RETOUR SUR 68
Le syndic de Lausanne dragué par le poly de Zurich
Beaucoup d’élèves romands de la deuxième moitié du XXe siècle se souviennent de leur «Chevallaz», soit de leur manuel d’Histoire générale de 1789 à nos jours,
dont la première édition a paru chez Payot en 1957, sous la plume du syndic de Lausanne et futur conseiller fédéral Georges-André Chevallaz. Ouvrage utilisé pendant trente ans dans l’enseignement mais très critiqué pour son approche, parce que constitué d’une accumulation de faits dépourvus de perspective historique, au service des seuls mythes fondateurs de la Suisse, notamment.
Mais dix ans plus tard, en 1968, on n’en est pas encore à ces critiques-là. Aussi est-ce un véritable cri de joie que pousse Franck Jotterand, le très estimé rédacteur en chef de la Gazette littéraire, le 3 août, lorsqu’il écrit que «l’Ecole polytechnique de Zurich témoigne» d’une belle volonté en appelant le politicien radical à donner des cours aux étudiants d’outre-Sa- rine. Pour lui, «ouvrir l’enseignement à des personnalités dont la carrière s’est faite en partie hors du circuit universitaire», c’est considérer, en l’occurrence, que «la politique peut être utile pour l’explication de la société contemporaine».

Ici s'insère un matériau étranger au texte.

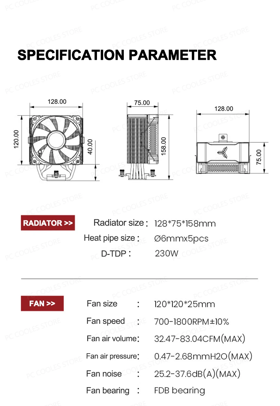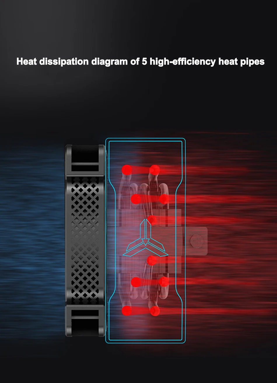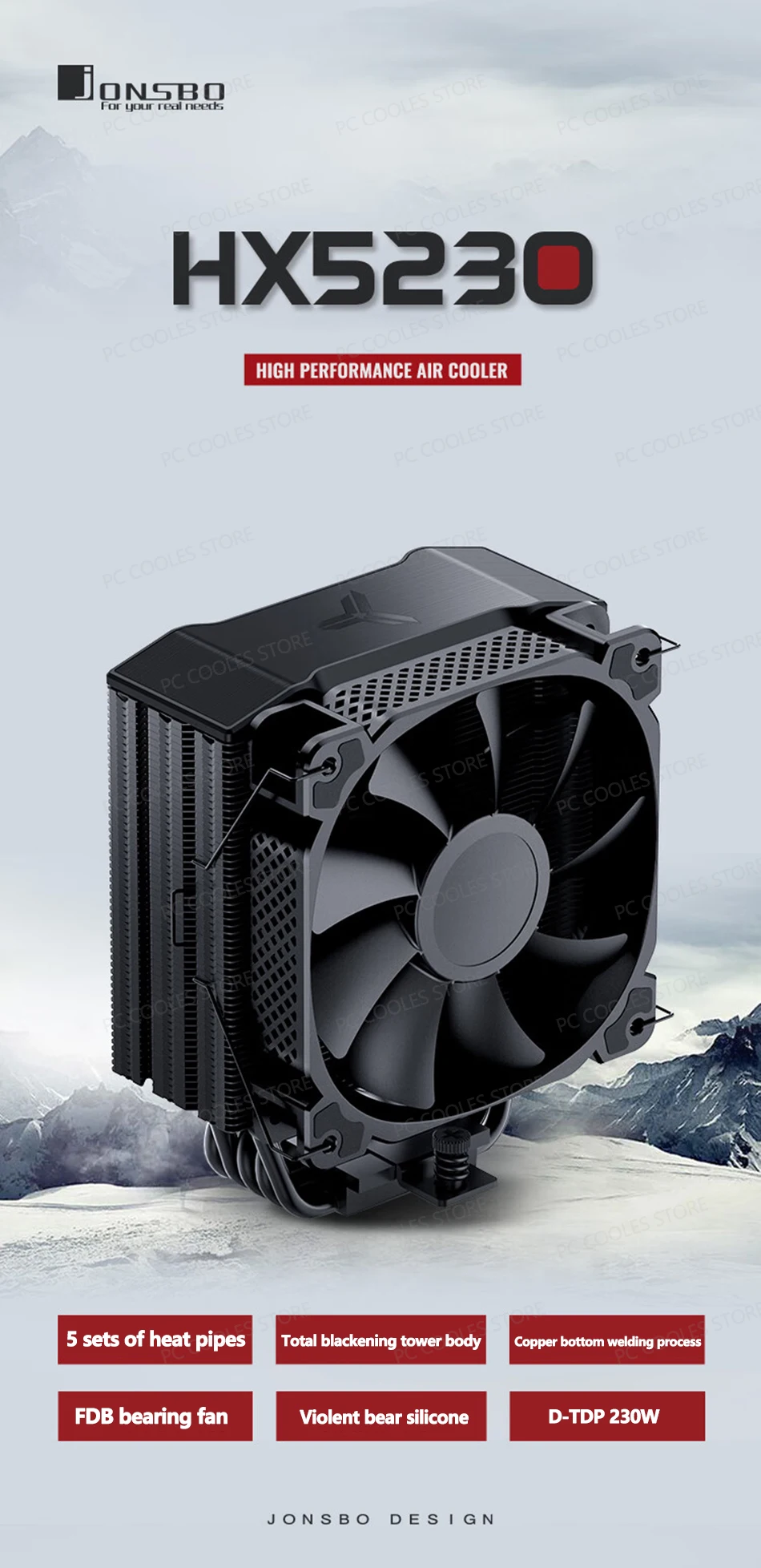 Comprar JONSBO-enfriador de CPU HX5230, 5 tubos de calor, 12cm, PWM, ventilador de refrigeración silencioso, rodamiento FDB, radiador refrigerado por aire Intel LGA1700 115X 1200 AM4 AM5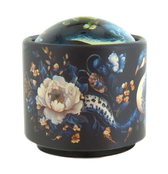 Boîte à musique animée en carton illustré avec demi-globe en verre au dessin de couleurs vives produisant un effet féérique.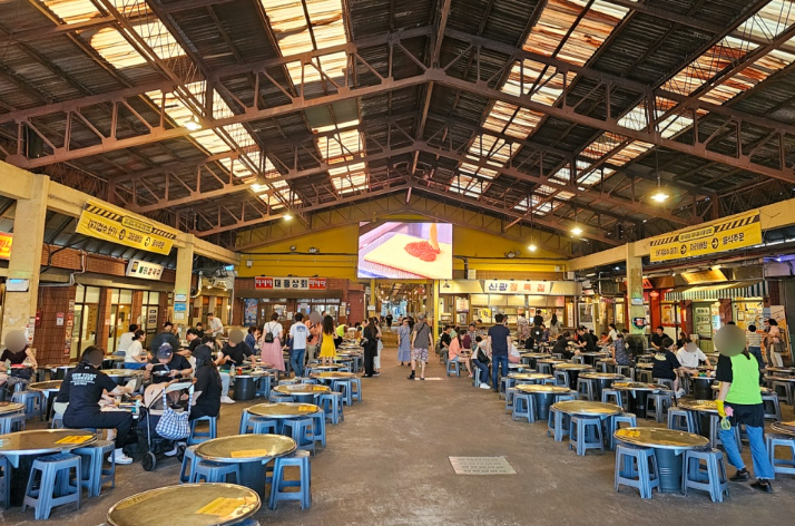 정류장에서 걸어서 500m 정도 걸어 들어오면 예산시장이 나옵니다.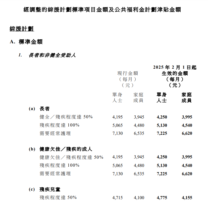 香港新聞網1月27日電 香港特區政府社會福利署27日公布,由今年2月1日起,上調綜合社會保障援助(綜援)計劃標準項目金額,以及公共福利金計劃的高齡津貼、長者生活津貼(包括廣東計劃及福建計劃發放的高齡津貼和長者生活津貼)和傷殘津貼金額。
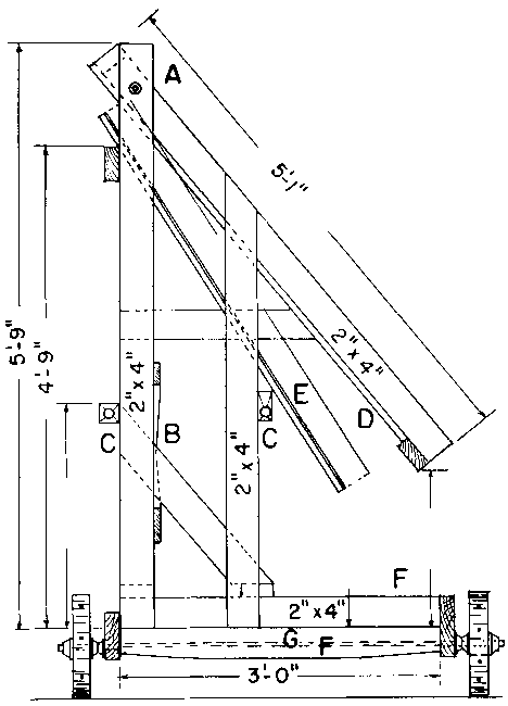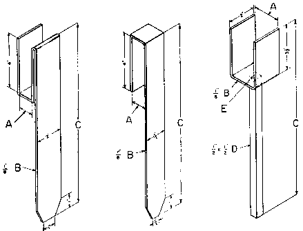 A. Bride métallique de 2 in. x ¼ in. (50 x 6,35 mm).B. Porte-épingles: tube de ¾ in. (19 mm), avec rondelle plate de 1 in. (25,4 mm), soudé à la base pour porter les épingles; longueur, 18 in. (46 mm).

D’ailleurs, lors des obsèques de Georges-André Chevallaz à la cathédrale de Lausanne en 2002, «les avis étaient unanimes pour saluer la mémoire d’un homme de convictions», comme l’avait notamment exprimé Claude Frey, son secrétaire de 1972 à 1975. «Il réunissait des qualités rares, avait-il ajouté, comme le courage, la ténacité et une incroyable capacité de travail.» Le conseiller national neuchâtelois se souvenait également d’un Chevallaz doué d’ubiquité, présidant certaines séances d’une main tout en rédigeant un article de journal de l’autre.
«Sortir de l’isolement»
L’homme impressionnait, c’est indéniable. Même un Jotterand – pourtant d’un autre bord politique – qui juge aussi qu’«à l’heure où l’on réclame des réformes profondes», cet exemple de traversée de la barrière de rösti «pourrait être adopté par des universités suisses». L’alma mater, selon lui, «sortirait de son isolement», elle aurait enfin une chance d’échapper aux scléroses dont on l’accuse depuis les révoltes de Mai et de devenir «un des centres essentiels de la vie moderne, sous toutes ses formes, […] un lieu de culture autant que d’enseignement». On pourrait «imaginer ainsi que des écrivains, des musiciens, des hommes de théâtre et de cinéma, des artistes soient appelés à diriger des séminaires libres».
Et d’élargir encore le champ à d’autres domaines. La Gazette propose d’engager des ouvriers dans pareille tâche, qui «en apprendraient autant à des étudiants en sciences économiques qu’un directeur d’usine». Un médecin de campagne pourrait aussi «raconter à des candidats en médecine quels sont ses problèmes», une manière de lier «la théorie à la réalité». Tout comme «un sculpteur d’avantgarde» provoquerait «des discussions aussi utiles qu’un vieux routier de l’Institut».
Ces principes une fois acquis et une plus grande ouverture de l’esprit académique réclamée par tous réalisée, «la question se poserait de la liaison de l’université avec les Conservatoires de musique et d’art dramatique, et des institutions telles que la Cinémathèque suisse». Ces voeux ont été en partie exaucés depuis un demi-siècle, mais «le Chevallaz», lui, s’il figure encore dans quelques bibliothèques poussiéreuses, n’a vraiment plus du tout sa place dans les établissements scolaires de Suisse romande.